The point is made by respondent's learned counsel that assuming, arguendo, that it was error to give plaintiff's instruction No. 2, and likewise to refuse defendant's instructions "A" and "B," the record discloses that such errors were in fact harmless and consequently not reversible errors. The argument is made that since instruction No. 1 is the only instruction authorizing the assessment of both compensatory and punitive damages, and the jury by their verdict assessed both compensatory and punitive damages, it follows that the jury found the facts hypothesized in that instruction, including the finding that plaintiff intended to pay his fare and thus become a passenger; and that therefore it affirmatively appears that the jury were in no way misled to the prejudice of the defendant.

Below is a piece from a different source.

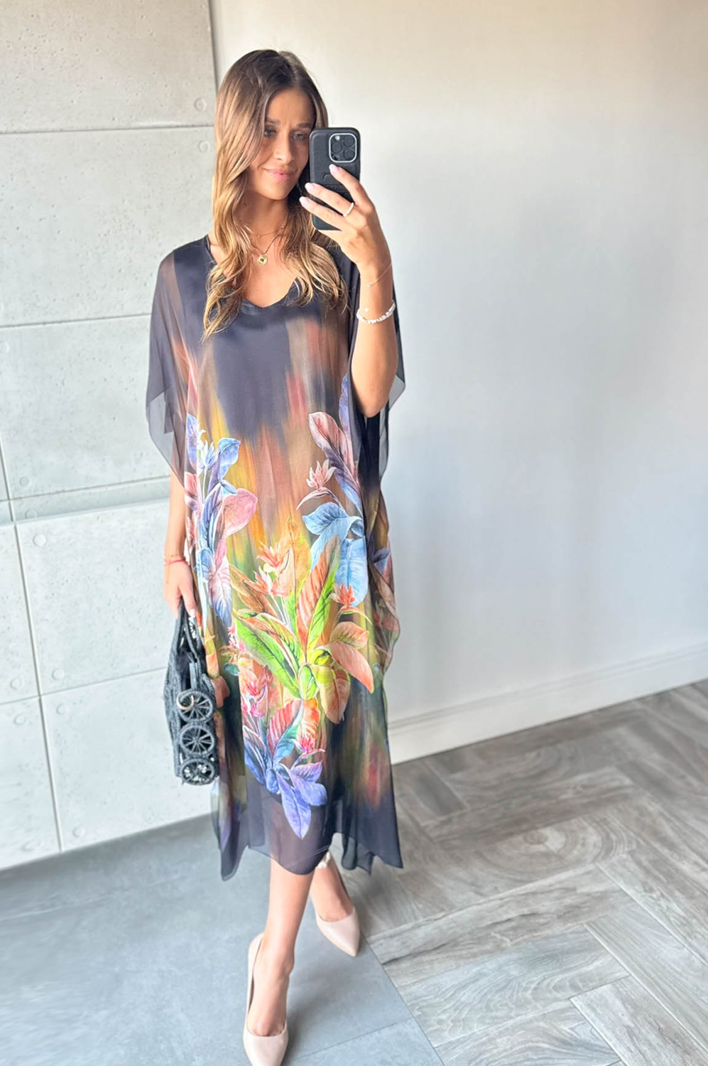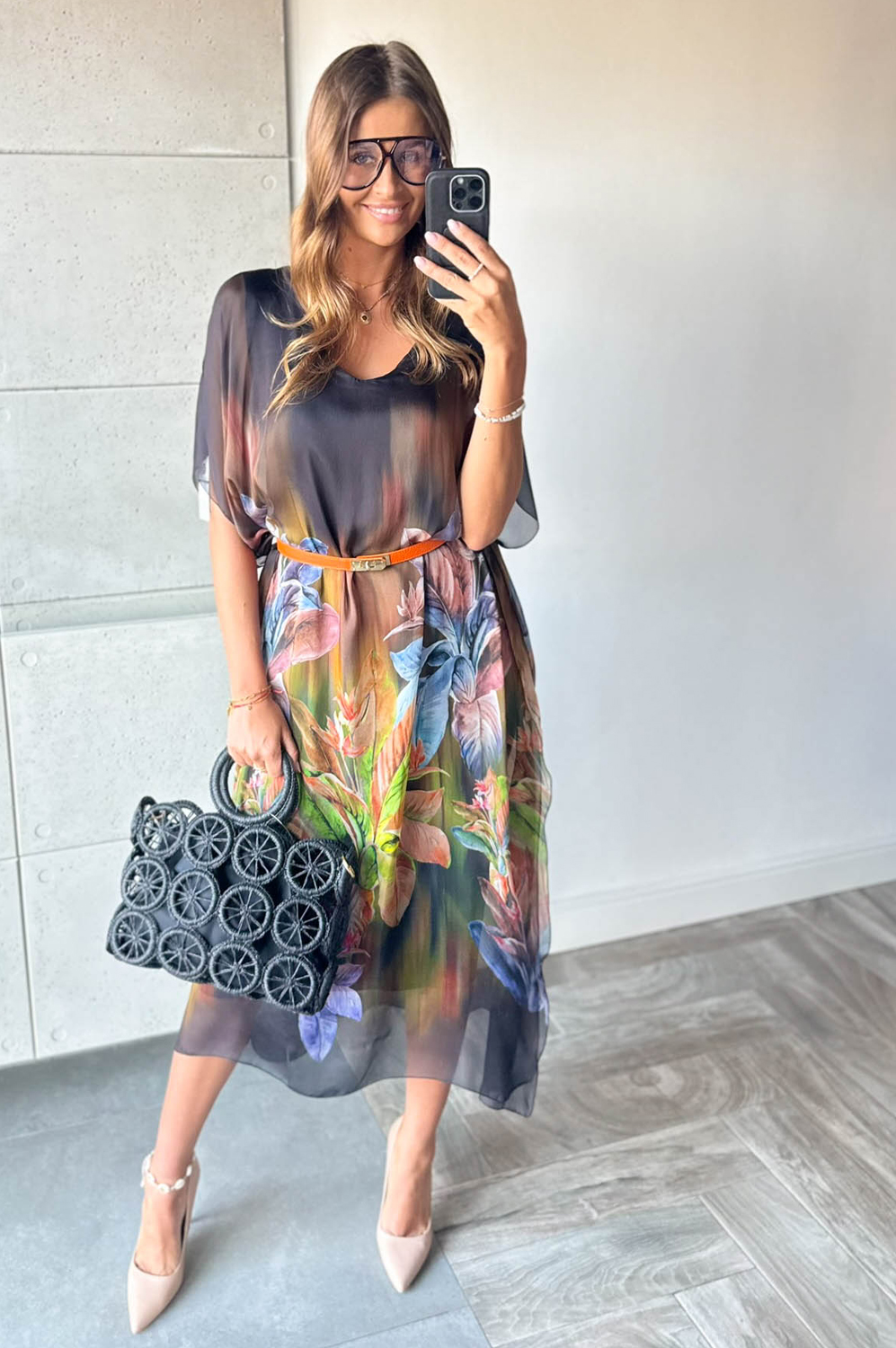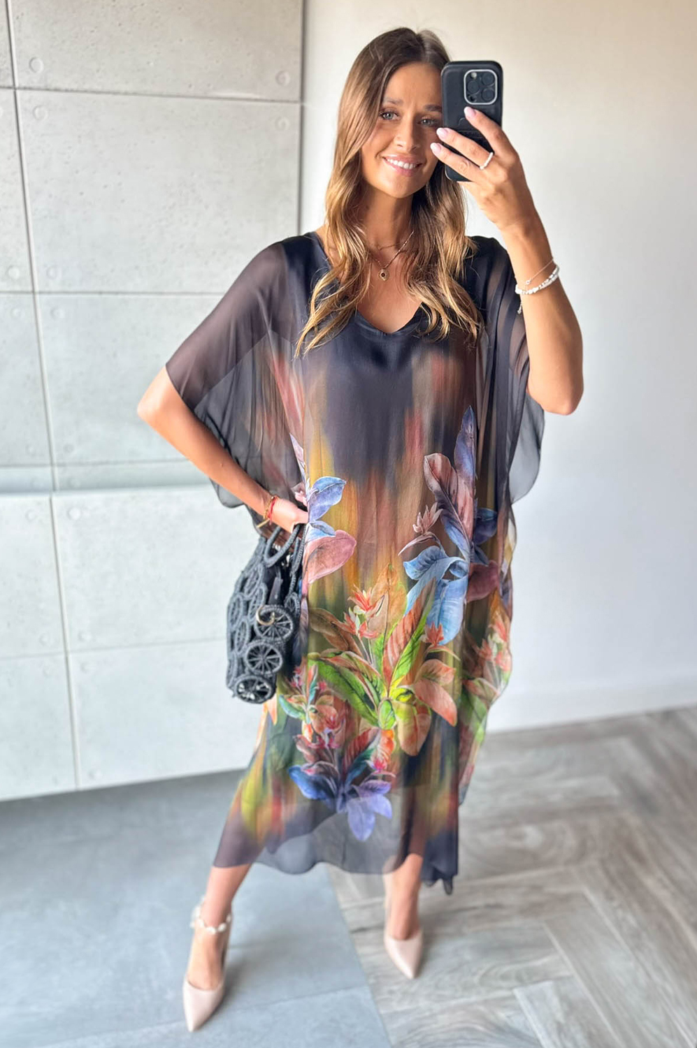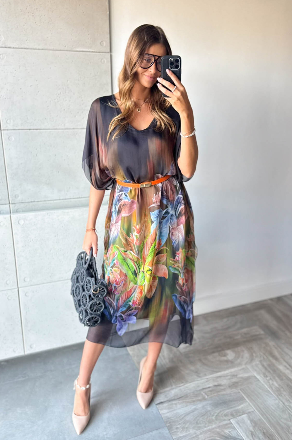 WYMIARY: Sukienka ma luźny fason. Pasuje od XS do L SKŁAD: 70% wiskoza, 30 % silk (jedwab)

This argument appears to us as having merit under the circumstances presented by this record. It is true that if it was error to give plaintiff's instruction No. 2, it was not cured by the mere giving of plaintiff's instruction No. 1 (Hall v. Coal Coke Co., 260 Mo. 351, 168 S.W. 927); and the error, if any, in refusing defendant's instructions "A" and "B" could not have been thus cured. But the record discloses a verdict which, if the jury gave heed to the instructions, could not have been returned without a finding that the plaintiff intended to pay his fare and thus become a passenger, as required by plaintiff's first instruction. No instruction on the measure of damages, as such, was given, but that matter was covered at the end of each of plaintiff's two instructions, supra. By the first thereof, upon a finding of the facts therein hypothesized, the jury were authorized to assess punitive damages as well as compensatory damages; whereas the second instruction, upon a finding of the facts therein hypothesized, authorized the *Page 378 assessment of compensatory damages only. If the jury followed and obeyed the instructions, they could not have assessed punitive damages without finding the facts required to be found by the first instruction, for in no other instruction may authority be found for assessing damages of this character. We think that we may properly proceed upon the presumption that the jurors followed and obeyed the instructions, as was their sworn duty. And here utilizing that presumption, we may take the verdict before us as establishing the fact that the jury did find that plaintiff intended to pay his fare and thus become a passenger upon the car.
In this view, if it was error to give plaintiff's instruction No. 2 and to refuse defendant's instructions "A" and "B," it was harmless error, since it thus appears the jury were not thereby misled to appellant's prejudice. We are commanded not to reverse the judgment of any court unless we "believe that error was committed by such court against the appellant or plaintiff in error, materially affecting the merits of the action," (Sec. 2082, Rev. Stat. 1909) and to disregard any error not affecting "the substantial rights of the adverse party." [Sec. 1850, Rev. Stat. 1909.] Under the circumstances, we do not believe the errors complained of, if errors they be, are such as to materially affect the merits of the action or the substantial rights of the appellant.
The judgment is accordingly affirmed. All concur.